[Start of Attachment]

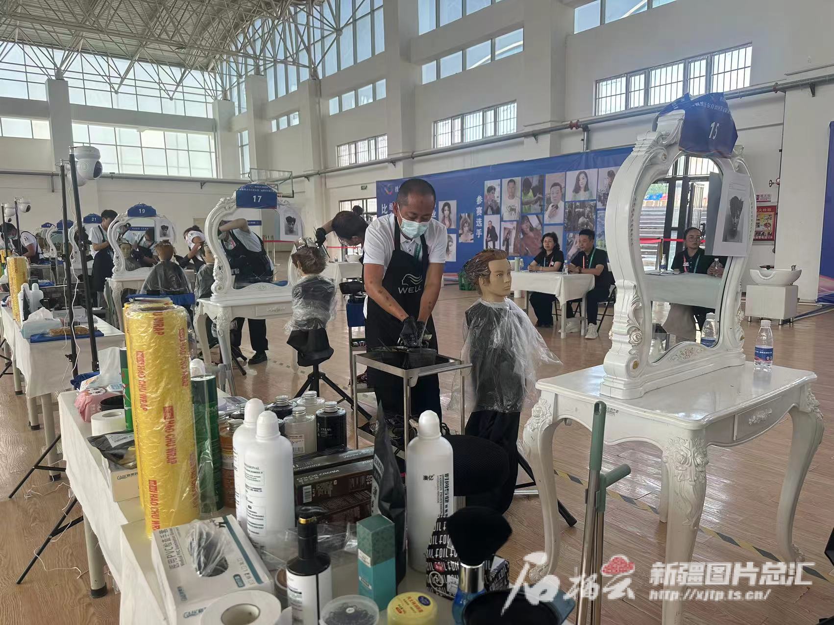 10月12日,自治区第二届职业技能大赛在喀什市拉开帷幕。图为美发项目赛场。天山网-新疆日报记者 赵春华摄
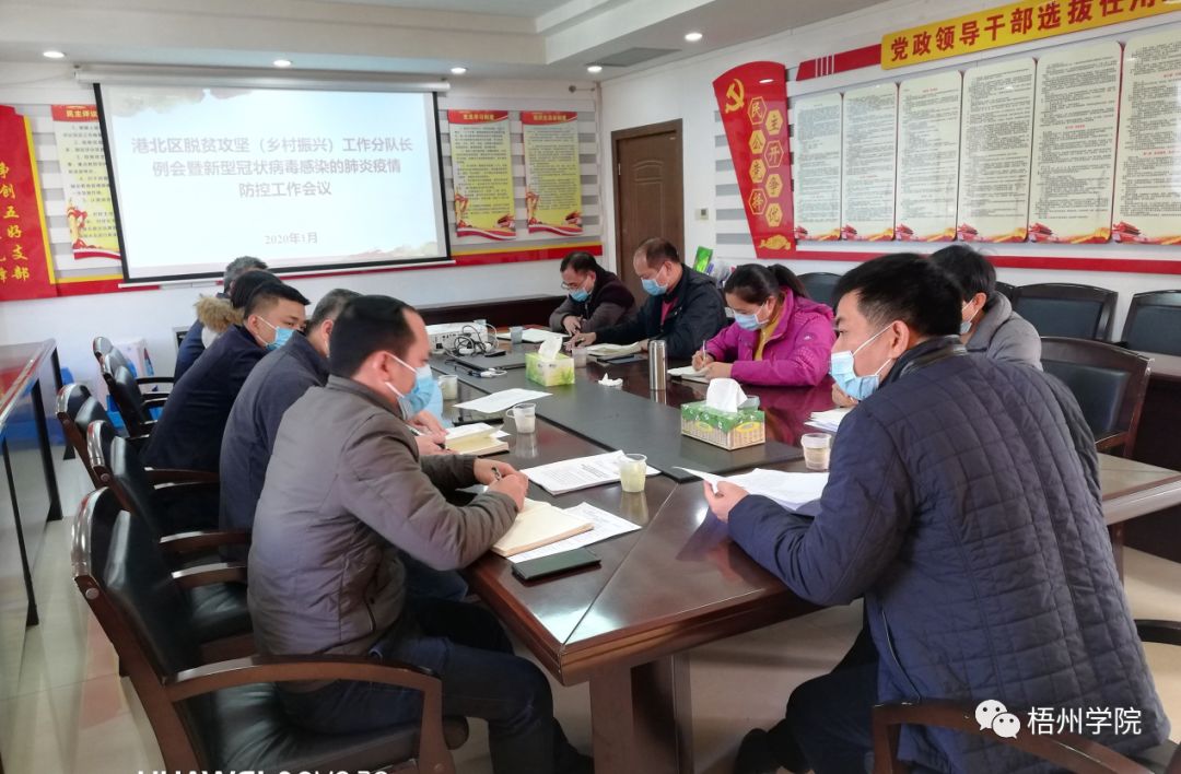 陈春潮(前一)主持召开工作队会议布置开展疫情防控工作
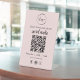 The minimalist white design effortlessly complements any setting, conveying a sense of contemporary style and technological savvy. With the clear directive, "Scan To Follow Us on Social Network," it encourages patrons to engage with your brand online.
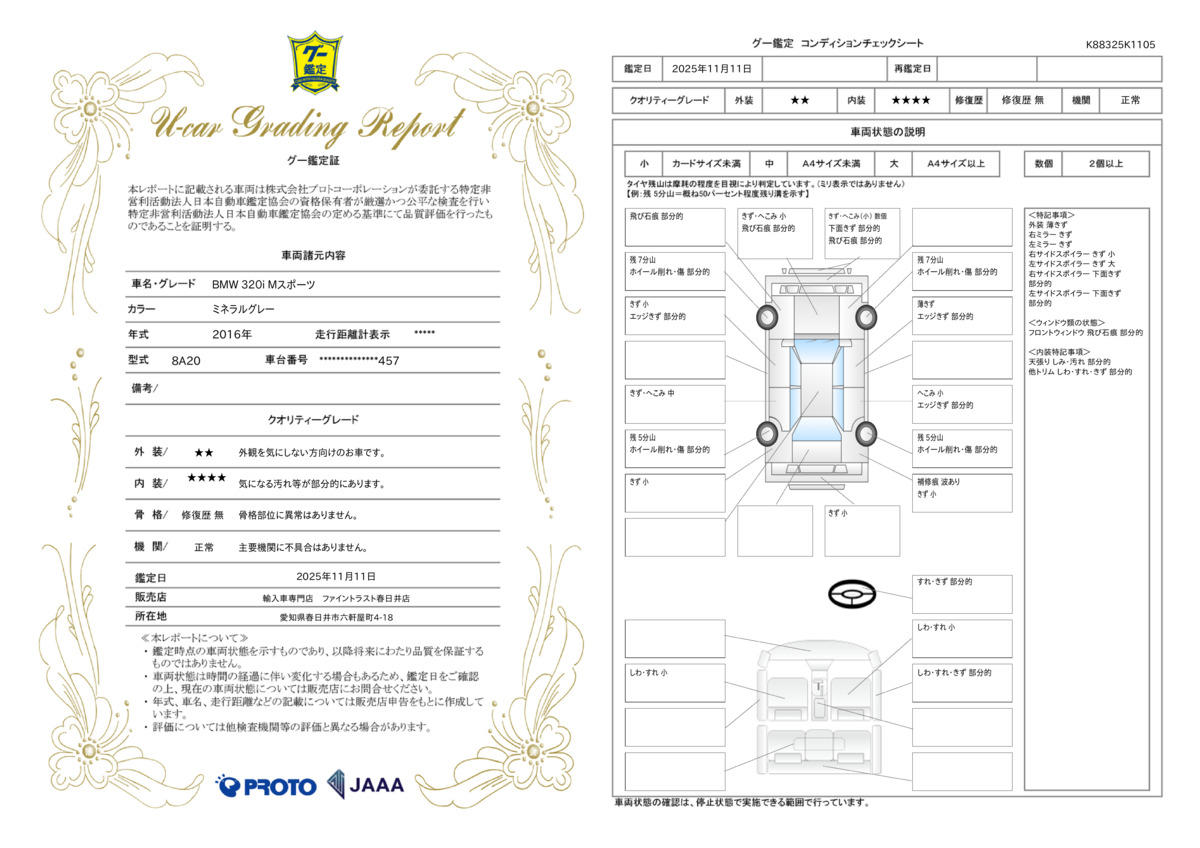 | 車両状態評価書 | ※クリックすると開きます![]() |
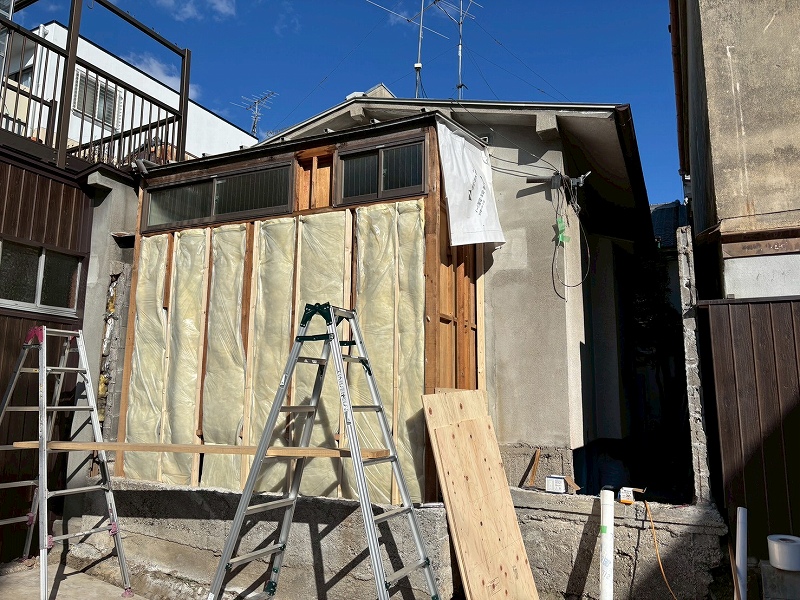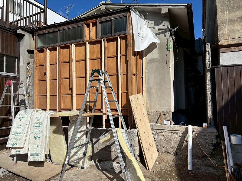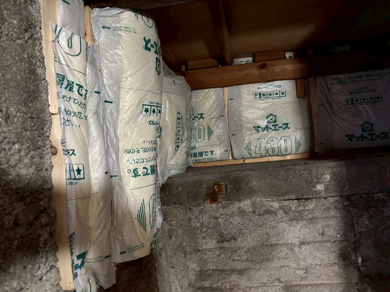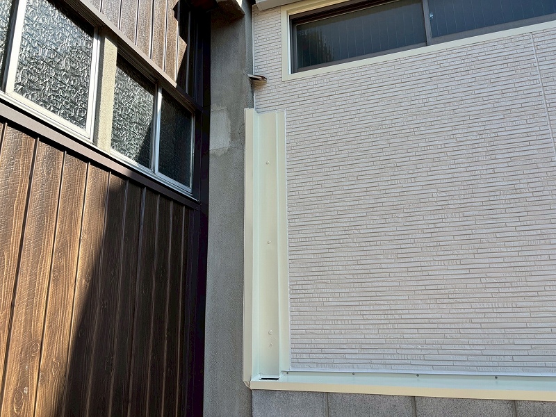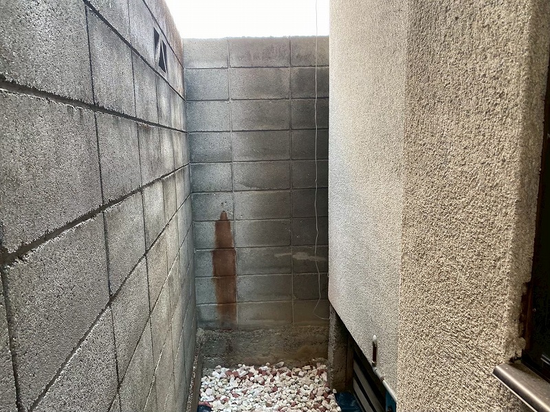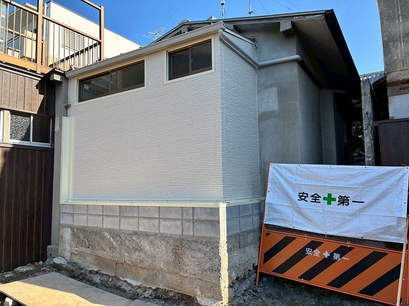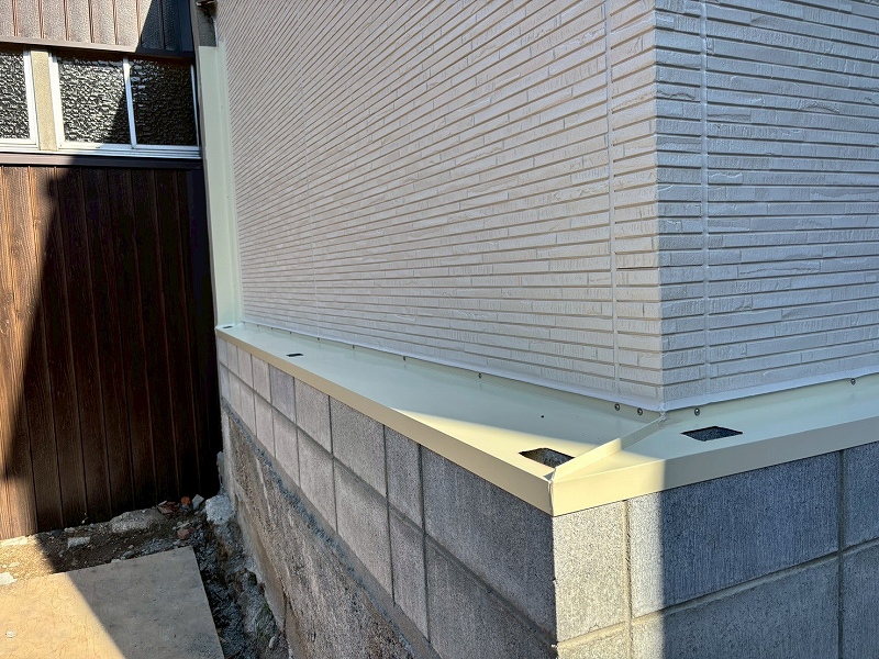 既存壁はブロックとの間に水切りがしてあるのみだったので、断熱材を入れてサイディングを張らせていただきました。

[End of Attachment]

Exercise description:
Would you write out every record word for word, leaving no picture in?

Response:
 10月12日,自治区第二届职业技能大赛在喀什市拉开帷幕。图为美发项目赛场。天山网-新疆日报记者 赵春华摄
 陈春潮(前一)主持召开工作队会议布置开展疫情防控工作
 The minimalist white design effortlessly complements any setting, conveying a sense of contemporary style and technological savvy. With the clear directive, "Scan To Follow Us on Social Network," it encourages patrons to engage with your brand online.
 | 車両状態評価書 | ※クリックすると開きます![]() |
 既存壁はブロックとの間に水切りがしてあるのみだったので、断熱材を入れてサイディングを張らせていただきました。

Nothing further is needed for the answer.